News, NHS trust

Barking, Havering and Redbridge NHS reviews November EPR go-live

The board of Barking, Havering and Redbridge University Hospitals NHS Trust in its latest meeting discussed some of the initial outcomes, challenges, benefits, and opportunities from its newly launched EPR.

The EPR went live in November 2025 alongside EPMA, at a cost of £50 million. The trust’s radiology information system, picture archiving and communications system, and laboratory information management systems were upgraded simultaneously.

“Many people across the trust worked extremely hard to ensure the launch went as well as it did,” Barking, Havering and Redbridge shares. Support and involvement from Barts Health “has been a model for how providers can share knowledge and expertise to help improve patient care, safety and staff experience”, it adds.

A raft of other feedback is also offered by the board, which states that benefits from the system have been easier to deliver on wards, where time has been freed up for clinical staff to spend with patients; and harder to realise in theatres and outpatient clinics.

Those benefits have reportedly improved the ability to track patient flow and safety metrics, the trust notes, with work on organisational resilience, capturing lessons learned, and leadership support set to continue. Having patient data integrated into a single digital record is also expected to help streamline workflows.

Impact on performance was “anticipated” and factored into recovery plans, according to Barking, Havering and Redbridge, highlighting challenges remaining with radiology data migration and imaging, and outpatient appointments. “Of the 1518 incidences reported in November, 63 related to the introduction of these digital systems,” the trust says. “Almost a third of EPR-related incidents were reported under Medication categories with a combination of prescribing and administration issues.

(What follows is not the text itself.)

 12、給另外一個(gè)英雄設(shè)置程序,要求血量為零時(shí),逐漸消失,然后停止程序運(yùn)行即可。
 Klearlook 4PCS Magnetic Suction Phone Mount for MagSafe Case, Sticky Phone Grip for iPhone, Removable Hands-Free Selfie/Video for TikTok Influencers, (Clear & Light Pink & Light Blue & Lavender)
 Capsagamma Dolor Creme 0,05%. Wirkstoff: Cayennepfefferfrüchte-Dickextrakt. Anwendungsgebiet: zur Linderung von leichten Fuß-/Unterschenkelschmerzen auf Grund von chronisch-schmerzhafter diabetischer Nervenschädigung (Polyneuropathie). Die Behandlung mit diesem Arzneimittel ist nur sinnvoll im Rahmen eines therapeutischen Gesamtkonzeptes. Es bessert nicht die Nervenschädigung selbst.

Monitoring and escalation of these incidents continues.”

Performance issues during EPR and PACS go-live led the board to identify an “urgent need” to upgrade Cisco network devices, specifically firewalls. This led to reported bottlenecks and an impact on elective services. A loan of two firewalls from Barts Health temporarily resolved this, and the trust is pursuing a holistic upgrade of data centre design and network architecture, to include professional services for redesign, capitalisation of assets, and renewal of network appliance licences at additional monthly revenue cost. Under this model, a managed service provider will take on responsibility for managing the network.

Ward-based EPR training has begun, with a focus on referrals, skin integrity, and wound documentation, the trust highlights, and an EPR audit has recently been completed with the aim of identifying system and user issues early. The Board Assurance Framework includes benefits realisation from the EPR under quality and safety, with deliverables covering the use of digital champions, the delivery of a 50 percent reduction in paper-based clinical documentation, real-time data availability, and strengthened information governance.

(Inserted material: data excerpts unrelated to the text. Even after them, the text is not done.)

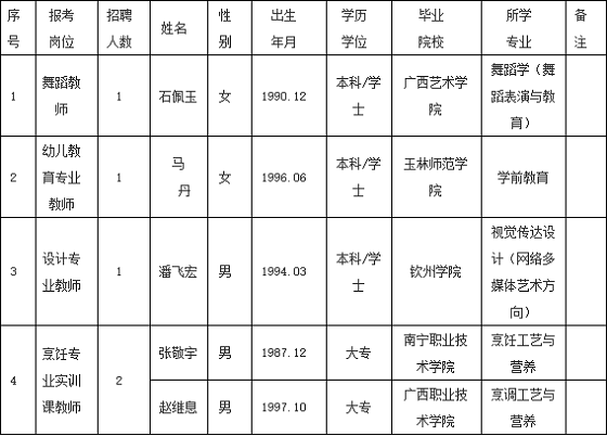 廣西新聞出版技工學校2020年度公開招聘擬聘用人員名單
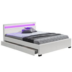Vous manquez d'espace de rangement dans votre chambre ? La structure de lit en simili (polyurethane) Enfield saura parfaitement resoudre ce problème. Cette structure de lit design pour 2 personnes en 140x190 cm avec tiroirs de rangement et LED integrees (4 couleurs disponibles pour l'ambiance de votre choix) est le compromis parfait entre confort optimal et gain d'espace important.
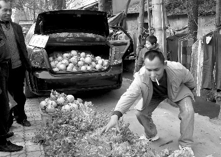 “新鮮蘿卜,1元錢3斤了哦!”一名男子站在蔬菜攤前叫賣,他就是別克車車主。“市場上要接近1元錢1斤,這個蘿卜便宜多了,給我來幾斤哈!”“我也要……”由于價格便宜,菜也新鮮,過往市民路過此處紛紛駐足、掏錢買菜。

Summing up, Barking, Havering and Redbridge’s chief executive said: “Despite the predictable bumps along the way, it’s exciting to have entered a new digital era at BHRUT which will improve safety, reduce errors and transform the experience of working here.”

Wider trend: Post-EPR optimisation

The Royal Wolverhampton NHS Trust has shared updates on phase one go-live of its EPR programme and a revised EPR milestone plan to the end of 2026 and beyond. Phase one covered the replacement of the trust’s patient administration system for acute and community services, as well as the emergency department patient first system and theatre management system. Although most parts of the transition were delivered on time, Royal Wolverhampton notes that there was a delay due to the complexity of emergency department data.

East Suffolk and North Essex NHS Foundation Trust has reviewed its EPR programme, following the implementation of Epic in October 2025, highlighting positive outcomes, learnings, and early service impact. The chief executive noted that the experience of EPR implementation was positive, “the system did not fail, we have not returned to paper, and we reported in the first week post go-live”. On its approach to go-live, the trust shares that “intensive focus” was placed on application building and testing, wait list validation, work queues, clinic templates, activity stabilisation planning, data migration, cutover planning, and organisational readiness.

A roadmap for delivery of Birmingham Women’s and Children’s NHS Foundation Trust’s latest strategy to 2030 has outlined a series of digital priorities across the next four years, covering post-go-live EPR optimisation, piloting AI, cloud migration, and a device and infrastructure refresh. Investments continue to be made in estates and digital maturity, and progress is being seen in stabilising the digital environment following Epic go-live with strengthened oversight around digital delivery. Challenges remain, according to BWC, relating to reliance on legacy systems and post-Epic data quality and reporting issues, as well as capacity pressures with digital and informatics teams.